Anticipating failures within a redundant environment

There are three important potential failures in a redundant environment:

Failure of the primary OpenSwitch
Failure of the secondary OpenSwitch
Failure of the primary or redundant RCM

Failure of the primary OpenSwitch

The failure of the primary OpenSwitch, which means the loss of the connection between the two RCM instances and the primary OpenSwitch server, causes the following changes to the environment:

After trying to reestablish the connection and failing, the primary RCM instance ceases execution.

After trying to reestablish the connection to the primary OpenSwitch and failing, the redundant RCM instance assumes control of the failover operation.

Users who connect to the environment through the primary OpenSwitch server (both application end users and DSS users) lose their connection to the primary OpenSwitch server and must log in again.

When these users log in again, they are connected to the secondary OpenSwitch server because it is the next entry in the sql.ini (Windows) or interfaces (UNIX) file record that describes the primary OpenSwitch server to these users.

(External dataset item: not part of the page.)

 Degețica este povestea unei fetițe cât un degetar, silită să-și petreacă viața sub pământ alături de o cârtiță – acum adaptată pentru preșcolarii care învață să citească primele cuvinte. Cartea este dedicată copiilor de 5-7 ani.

This multiple query entry in the sql.ini (Windows) or interfaces (UNIX) file enables user login connections to seamlessly roll over, or to change from the primary to the secondary OpenSwitch server.

See “Setting up the sql.ini or interfaces file” for more information.

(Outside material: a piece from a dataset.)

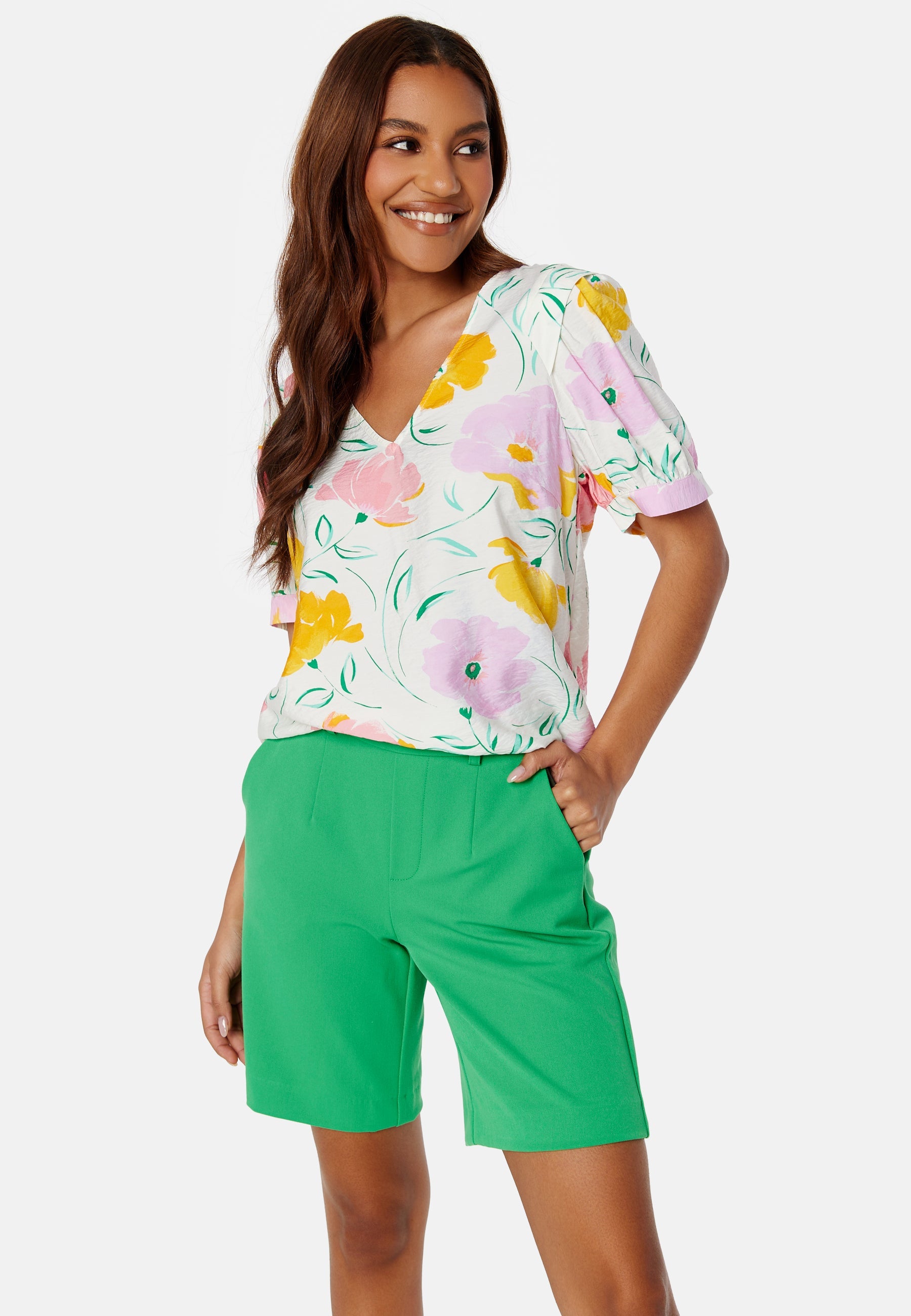 - V-neck neckline

The RCM administrative login does not roll over during an OpenSwitch server failure. See “Setting up the sql.ini or interfaces file” for more information about connection rollover.

Failure of the secondary OpenSwitch

The failure of the secondary OpenSwitch, which means the loss of the connection between the two RCM instances and the secondary OpenSwitch server, causes the following changes to the environment:

After trying to reestablish the connection and failing, the primary RCM instance notes the failure of the secondary OpenSwitch server in its log.

After trying to reestablish the connection to the secondary OpenSwitch and failing, the redundant RCM instance ceases execution.

Because DSS users connect to the environment through the secondary OpenSwitch server, they lose their connection to the secondary OpenSwitch server and must log in again.

When these users log in again, they are typically connected through the primary OpenSwitch server because it is the next entry in the sql.ini (Windows) or interfaces (UNIX) file record that describes the secondary OpenSwitch server to these users. The multiple query entry in the sql.ini (Windows) or interfaces (UNIX) file enables user logins to seamlessly roll over to the primary OpenSwitch.

See “Setting up the sql.ini or interfaces file” for more information.

The RCM administrative login does not roll over during an OpenSwitch server failure. See “Setting up the sql.ini or interfaces file” for more information.

Failure of the primary and redundant RCM instances

Failure of an RCM instance is unlikely; however, you should be prepared for its potential failure because it can mean the loss of failover capability of the environment. The failure of the primary RCM can mean that your environment no longer has the capability of failing over in a catastrophic situation because the primary RCM is no longer running and no longer aware of the status of the system. Similarly, the failure of the redundant RCM can mean the loss of the RCM’s overall ability to detect the failure of the primary OpenSwitch server because the redundant RCM could not then assume control of failover if the primary OpenSwitch server fails.

To gain some protection from an RCM failure, you must set the COORD_MODE parameter to “ALWAYS” in the OpenSwitch configuration file. This ensures that any logins to an OpenSwitch server after an RCM failure. This login failure notifies users of a problem so that you can take steps to recover, such as stopping and restarting servers.

See “Setting up the sql.ini or interfaces file” for more information about OpenSwitch configuration parameters.